Question

Suppose the investigators had made a rough guess of 330 for the value of s before collecting data.

What sample size would be necessary to obtain an interval width of 50 ml for a confidence level of 95%?

Answer 1

`n=((1.960(330))/(25))^2 =669.36 \approx 670`

So the answer for this case would be n=670 rounded up to the nearest integer

Explanation:

Previous concepts

A confidence interval is "a range of values that’s likely to include a population value with a certain degree of confidence. It is often expressed a % whereby a population means lies between an upper and lower interval".

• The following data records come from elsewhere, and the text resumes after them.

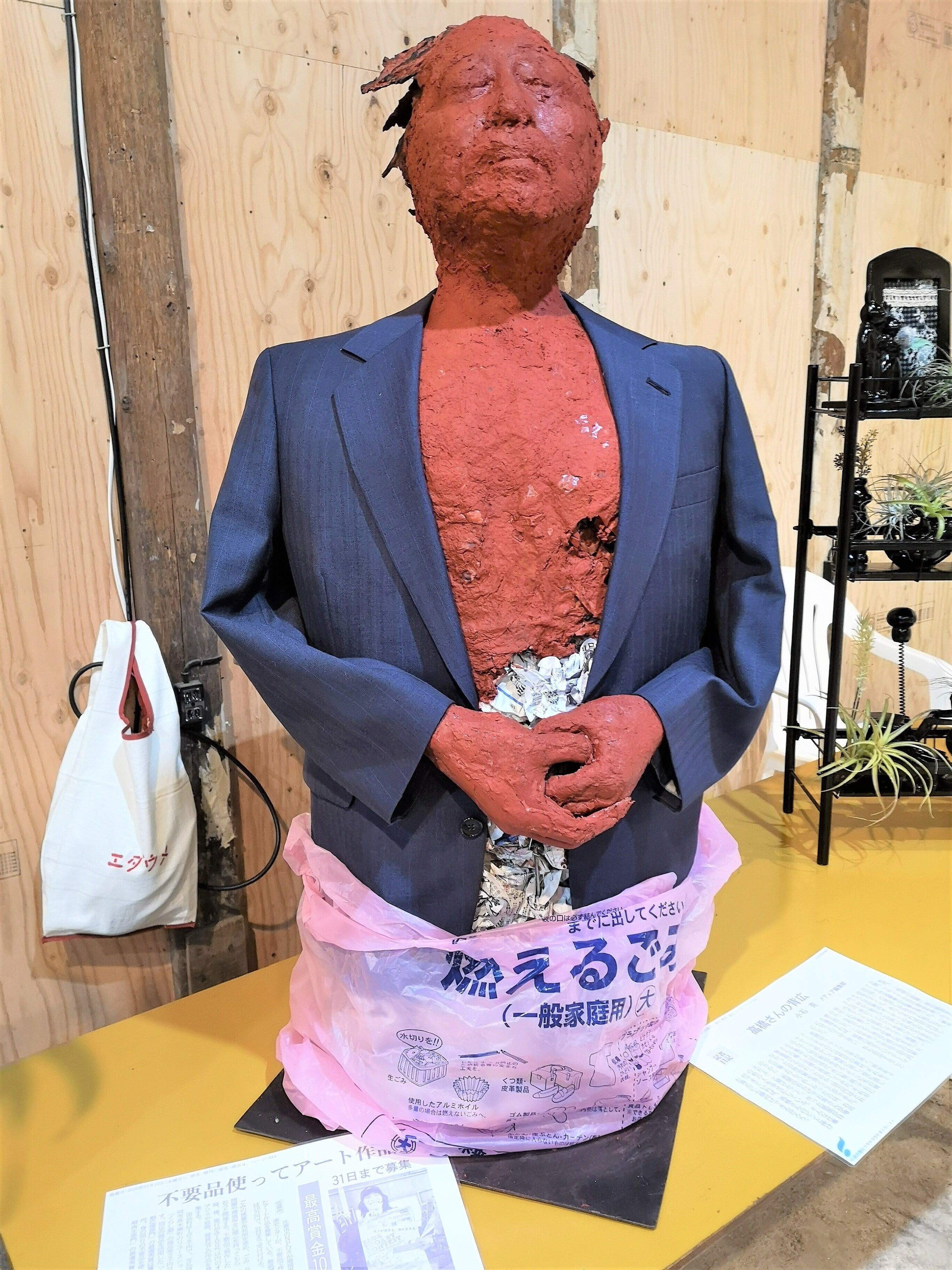 新聞紙を溶かして像を作り古いジャケットで着飾らせたり
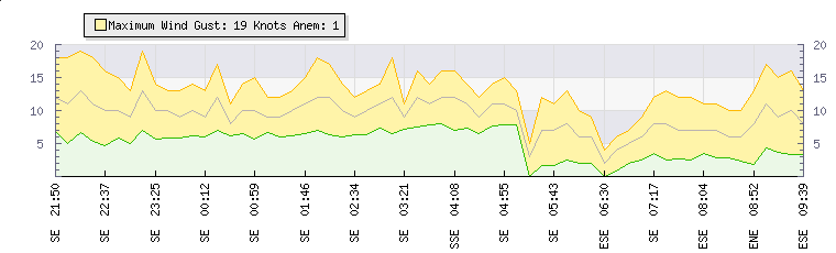 In the last few minutes the wind was East South East at an average speed of 7 knots, reaching up to 11 knots and a low of 3 knots. The gust strength is8 knots above the minimum speed |
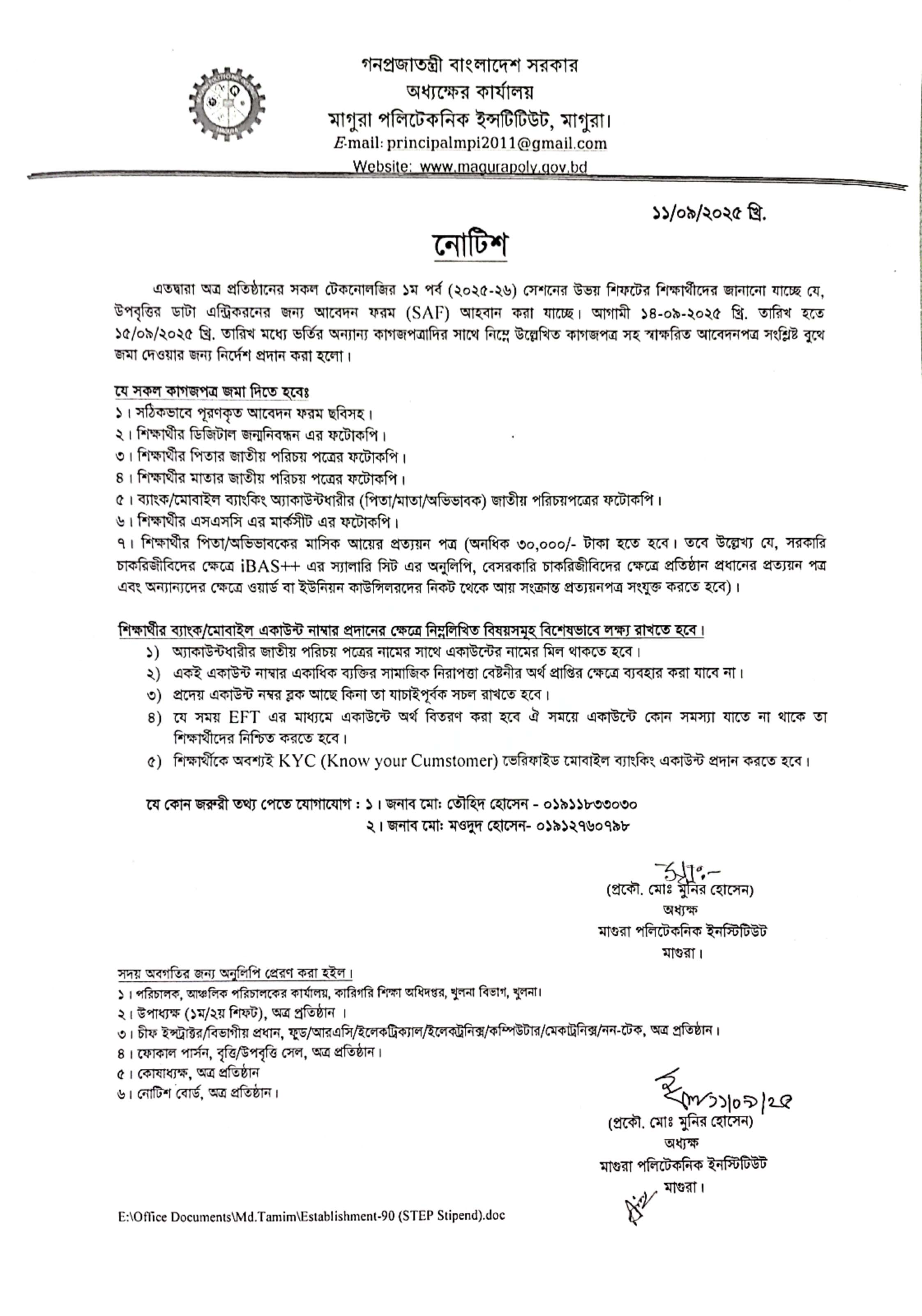 উপবৃত্তির নোটিশ (২০২৫-২৬ শিক্ষাবর্ষ)
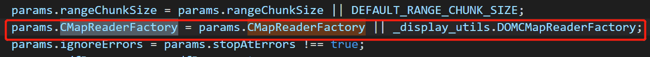 params.rangeChunkSize = params.rangeChunkSize || DEFAULT_RANGE_CHUNK_SIZE; params.CMapReaderFactory = params.CMapReaderFactory || _display_utils.DOMCMapReaderFactory; params.ignoreErrors = params.stopAtErrors !== true; params.fontExtraProperties = params.fontExtraProperties === true; params.pdfBug = params.pdfBug === true; // 处理pdf.js无法完全显示pdf文件内容的问题 params.cMapPacked = true params.cMapUrl = window.location.origin + "/pdf/web/cmaps/"
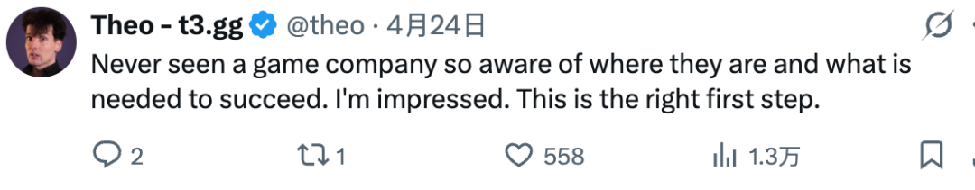 「从没见过一家游戏公司对自己所处的位置和将要做什么如此清晰。这令我印象深刻,你们走在正确的道路上。」
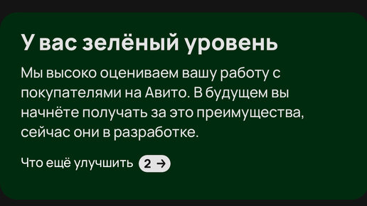 Давайте разбираться вместе. Пока данная функция на Авито еще в разработке. И этот заветный значок отличия получили совсем немногие продавцы. Но совсем скоро Авито начнет выдавать этот знак отличия самым проверенным профилям. А пока, разберемся, что же нужно, чтобы получить в дальнейшем этот отличительный заветный знак. Для начала, отмечу, что статистика собирается в течении 30 дней. Сайт анализирует ваши действия за месяц и так сказать делает выводы о Вас. У меня уже зеленый уровень. Что делаю...
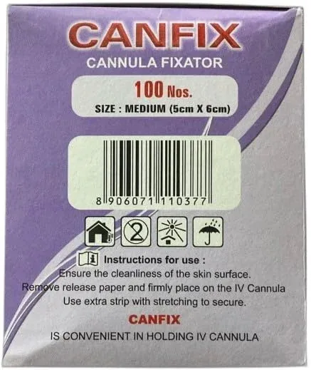Product Overview: Medicare Canfix Cannula Fixator: Cannula Fixator with Elastic Adhesive Bandage is a reliable medical device designed to securely stabilize intravenous (IV) cannulas and catheters. Made from soft, skin-friendly, and hypoallergenic materials, it ensures firm fixation while minimizing discomfort and irritation for patients. The elastic adhesive bandage allows air and humidity to pass freely, ensuring skin breathability, and features a non-allergenic adhesive with a paper liner for easy and painless removal.
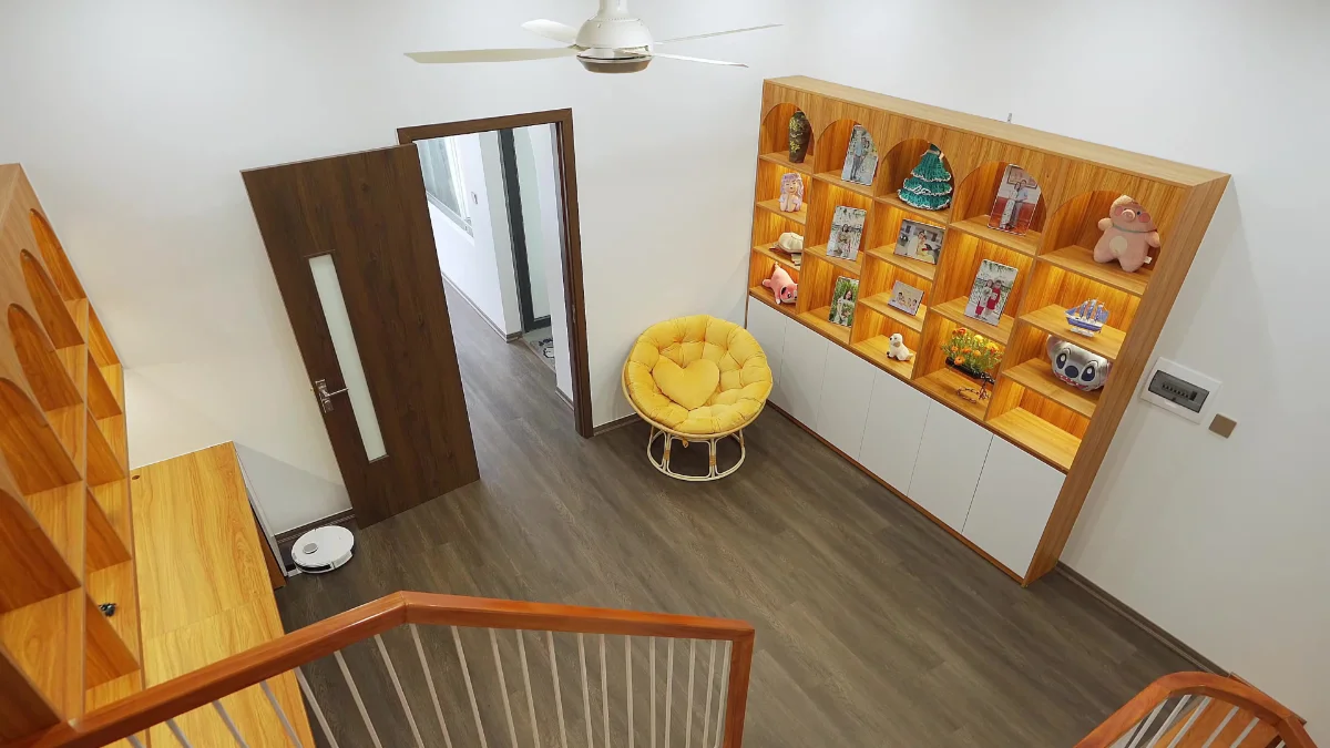 Tông màu gỗ với trắng khiến không gian đầy ánh sáng lẫn ấm áp.
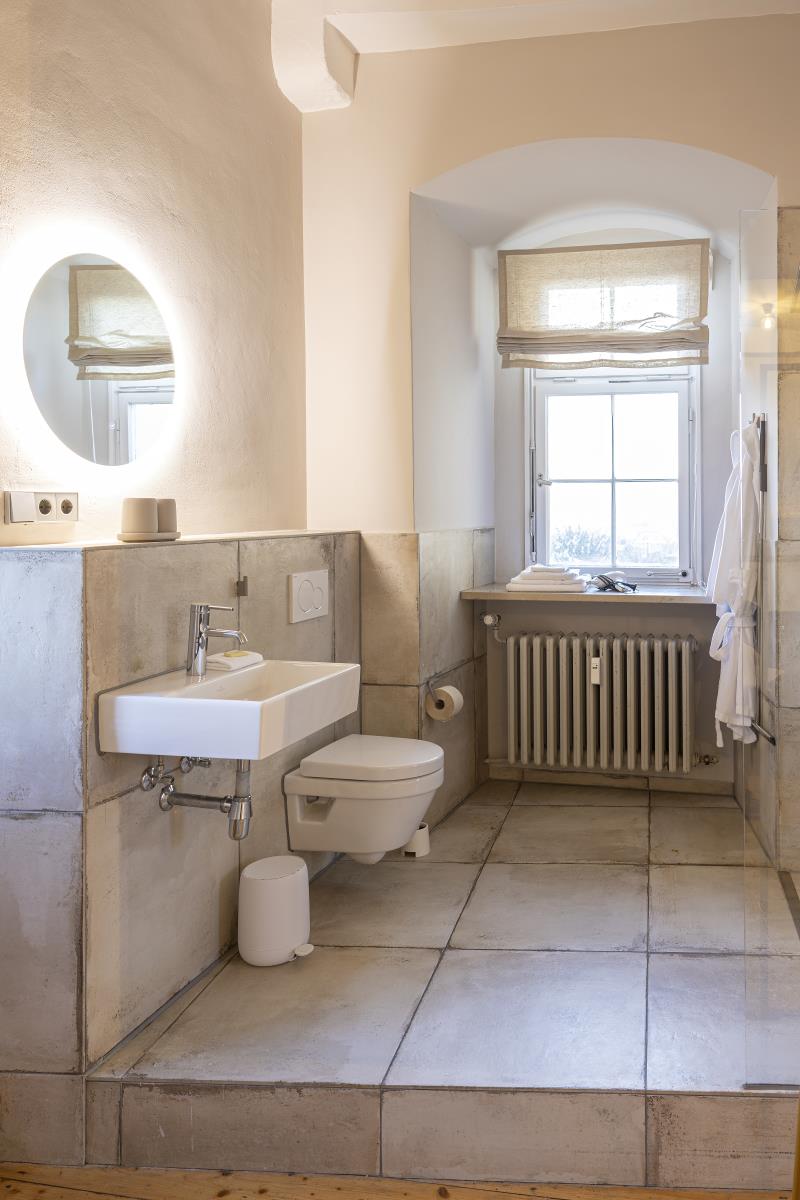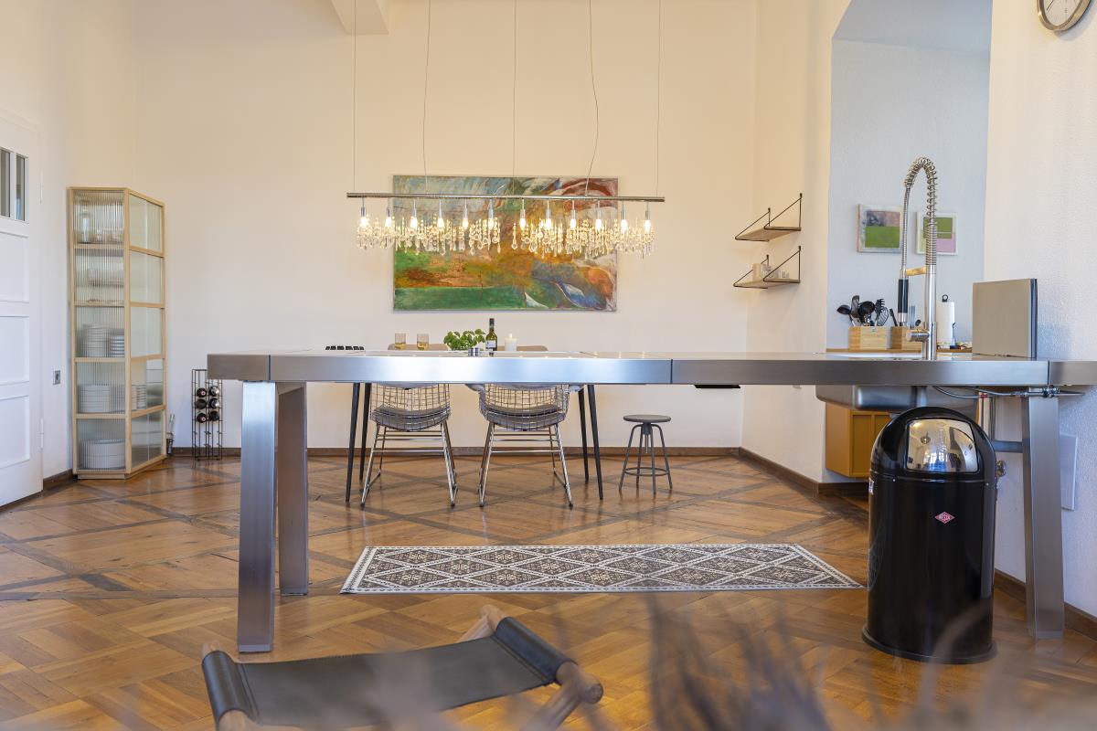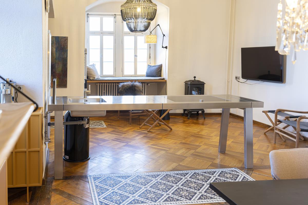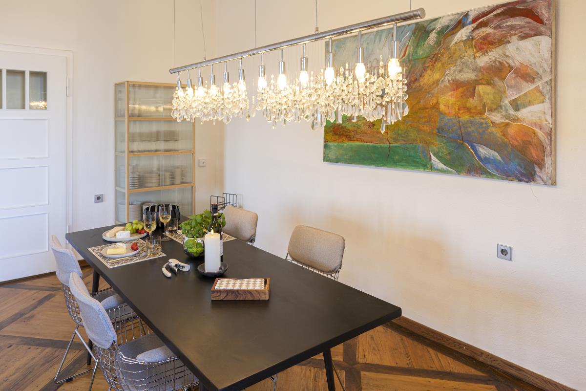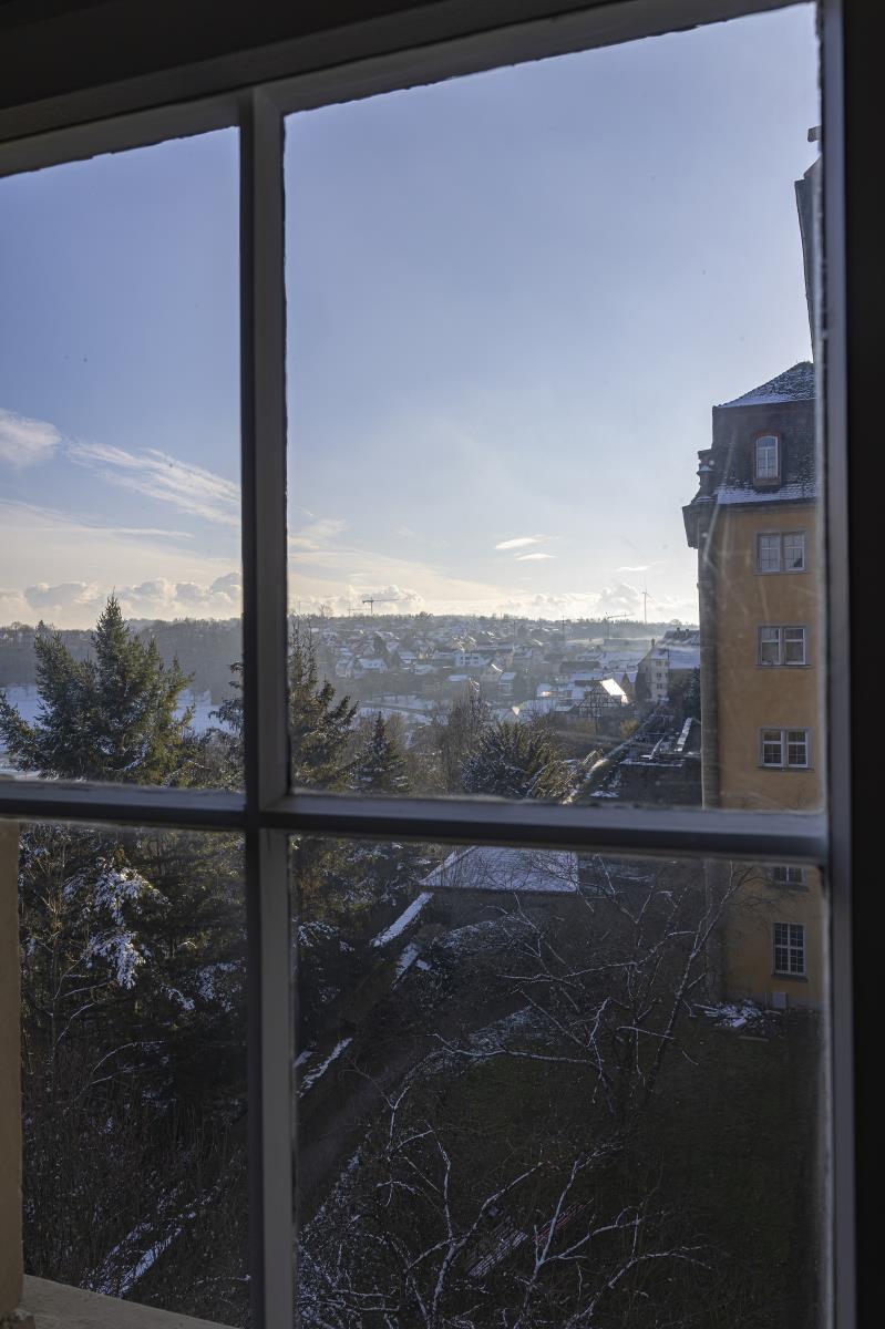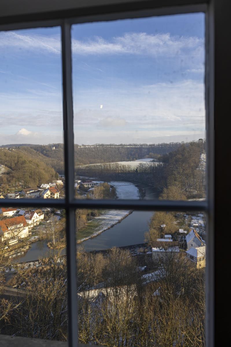 Eine weitere Perle in Hohenlohe - das Schlossquartier Kirchberg freut sich auf Gäste, die stylisch, minimalistisch im Spiel der Gegensätze zu den alten Mauern Urlauben möchten. Es wartet auf sie ein Bulthaup Küchenblock mit Gaggenau Kochfeld, freistehende Badewanne im Schlafzimmer, ein elektrischer Kamin, besonderes Interieur, ein Sitzplatz im Freien mit Blick ins Tal. Auf einem Felssporn hoch über der Jagst gelegen, unique, blickt der Turm als ältestes Bauwerk von Kirchberg auf eine bewegte Geschichte. Der Schlossturm besticht mit spektakulären Ausblicken ins Jagsttal und behaglichen Innenräumen, ist geprägt von historischem Parkett und Stuck, gelegen hinter dicken Schlossmauern. Hinter alten Mauern alle Annehmlichkeiten der Gegenwart genießen, einschließlich einem Wohnungszugang der bequem mit einem Fahrstuhl zu erreichen ist. Im Hof gibt es einen schönen Sitzplatz.. Das Schlossquartier Kirchberg freut sich auf vier Personen und max. zwei Vierbeiner

The margin of error is the range of values below and above the sample statistic in a confidence interval.

Normal distribution, is a "probability distribution that is symmetric about the mean, showing that data near the mean are more frequent in occurrence than data far from the mean".

`\bar X` represent the sample mean for the sample

`\mu` population mean (variable of interest)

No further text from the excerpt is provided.